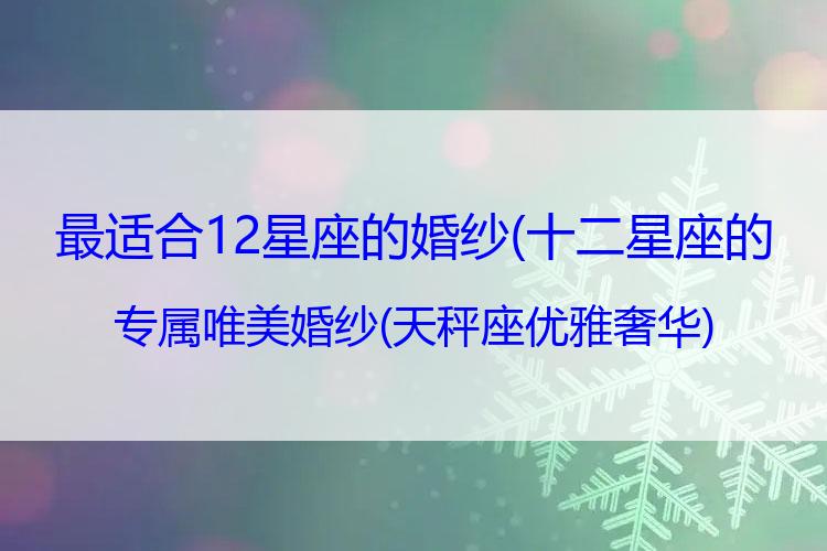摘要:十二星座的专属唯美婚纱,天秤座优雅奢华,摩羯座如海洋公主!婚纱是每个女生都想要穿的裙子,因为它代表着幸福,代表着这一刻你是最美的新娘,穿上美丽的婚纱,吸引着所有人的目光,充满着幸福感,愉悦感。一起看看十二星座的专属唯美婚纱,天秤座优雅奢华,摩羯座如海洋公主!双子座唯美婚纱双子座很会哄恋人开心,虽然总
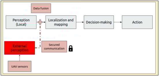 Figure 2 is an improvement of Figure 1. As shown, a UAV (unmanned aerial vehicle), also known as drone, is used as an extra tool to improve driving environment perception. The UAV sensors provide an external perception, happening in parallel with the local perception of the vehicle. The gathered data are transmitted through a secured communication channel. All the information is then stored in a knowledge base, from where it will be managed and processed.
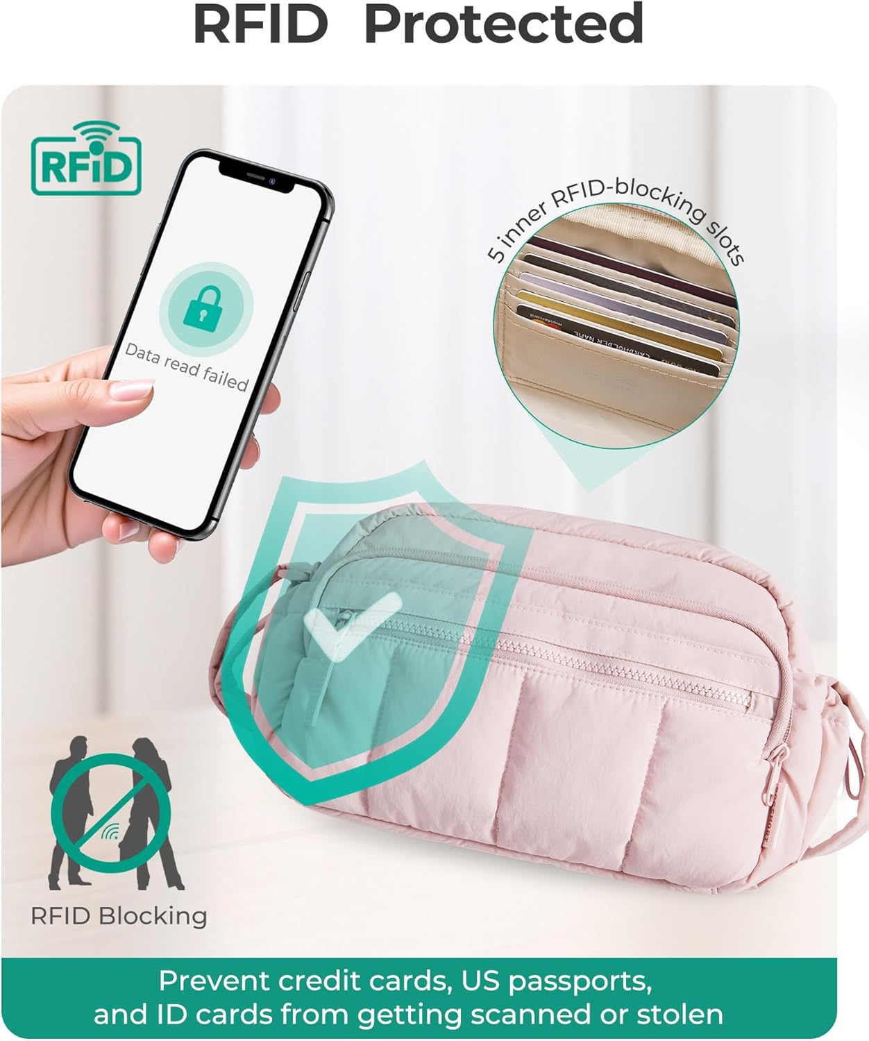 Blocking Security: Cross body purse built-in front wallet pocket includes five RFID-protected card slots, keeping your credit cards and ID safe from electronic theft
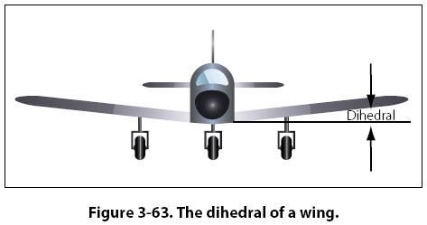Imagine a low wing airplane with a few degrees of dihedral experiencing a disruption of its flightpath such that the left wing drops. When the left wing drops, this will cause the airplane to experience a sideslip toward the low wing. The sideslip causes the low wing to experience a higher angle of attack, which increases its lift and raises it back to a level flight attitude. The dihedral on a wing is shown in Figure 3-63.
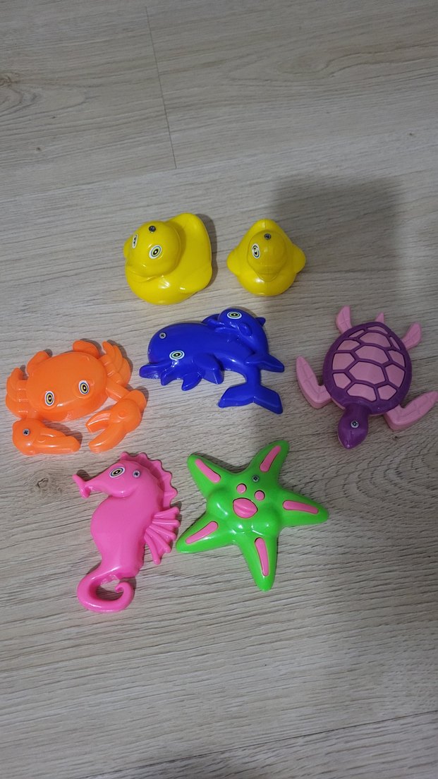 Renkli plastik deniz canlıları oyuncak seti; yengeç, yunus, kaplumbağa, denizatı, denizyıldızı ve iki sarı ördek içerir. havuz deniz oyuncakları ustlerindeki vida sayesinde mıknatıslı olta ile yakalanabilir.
--
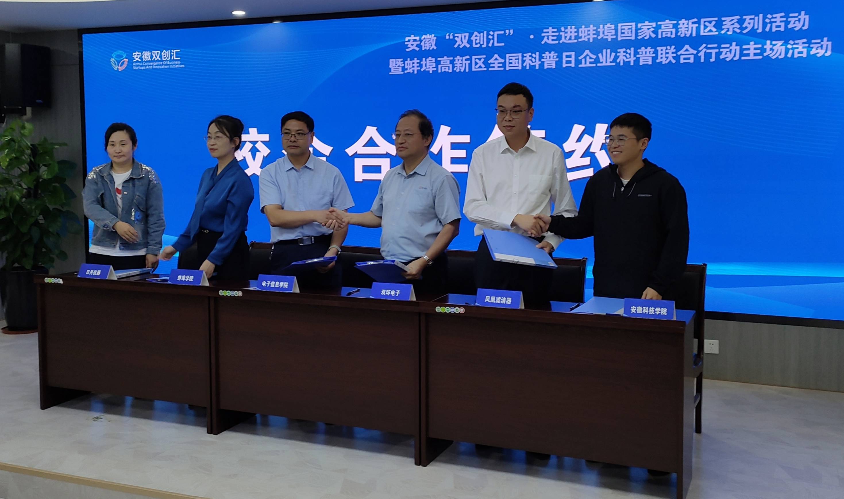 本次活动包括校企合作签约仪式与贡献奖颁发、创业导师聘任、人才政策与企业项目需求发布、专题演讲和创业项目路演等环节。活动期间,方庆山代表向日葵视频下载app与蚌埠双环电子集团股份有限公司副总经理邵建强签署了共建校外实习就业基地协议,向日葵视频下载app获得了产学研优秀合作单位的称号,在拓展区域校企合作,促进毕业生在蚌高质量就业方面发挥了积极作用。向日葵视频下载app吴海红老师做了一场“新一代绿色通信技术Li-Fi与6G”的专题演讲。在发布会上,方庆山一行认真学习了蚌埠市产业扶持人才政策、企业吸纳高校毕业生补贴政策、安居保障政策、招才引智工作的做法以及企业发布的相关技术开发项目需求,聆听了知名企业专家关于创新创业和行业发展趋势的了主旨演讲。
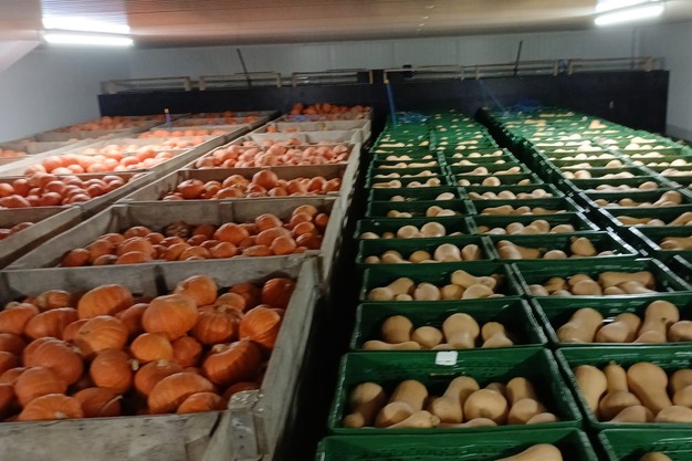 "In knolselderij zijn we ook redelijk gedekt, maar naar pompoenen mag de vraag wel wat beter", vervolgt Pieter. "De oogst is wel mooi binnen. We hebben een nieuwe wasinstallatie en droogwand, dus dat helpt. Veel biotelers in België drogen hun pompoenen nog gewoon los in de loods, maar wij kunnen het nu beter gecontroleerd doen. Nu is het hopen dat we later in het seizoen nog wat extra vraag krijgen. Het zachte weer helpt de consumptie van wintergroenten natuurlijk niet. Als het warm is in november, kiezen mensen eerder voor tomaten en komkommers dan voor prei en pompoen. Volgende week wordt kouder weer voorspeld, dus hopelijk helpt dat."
* * *
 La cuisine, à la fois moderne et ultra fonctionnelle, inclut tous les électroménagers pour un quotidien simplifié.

> [WHAT IS NEEDED]: The answer is the lines above from the one with "Blocking Security: Cross" to the one with "Imagine a low", set down exactly, with no pictures.

> [EXERCISE ANSWER]:
 Blocking Security: Cross body purse built-in front wallet pocket includes five RFID-protected card slots, keeping your credit cards and ID safe from electronic theft
Imagine a low wing airplane with a few degrees of dihedral experiencing a disruption of its flightpath such that the left wing drops. When the left wing drops, this will cause the airplane to experience a sideslip toward the low wing. The sideslip causes the low wing to experience a higher angle of attack, which increases its lift and raises it back to a level flight attitude. The dihedral on a wing is shown in Figure 3-63.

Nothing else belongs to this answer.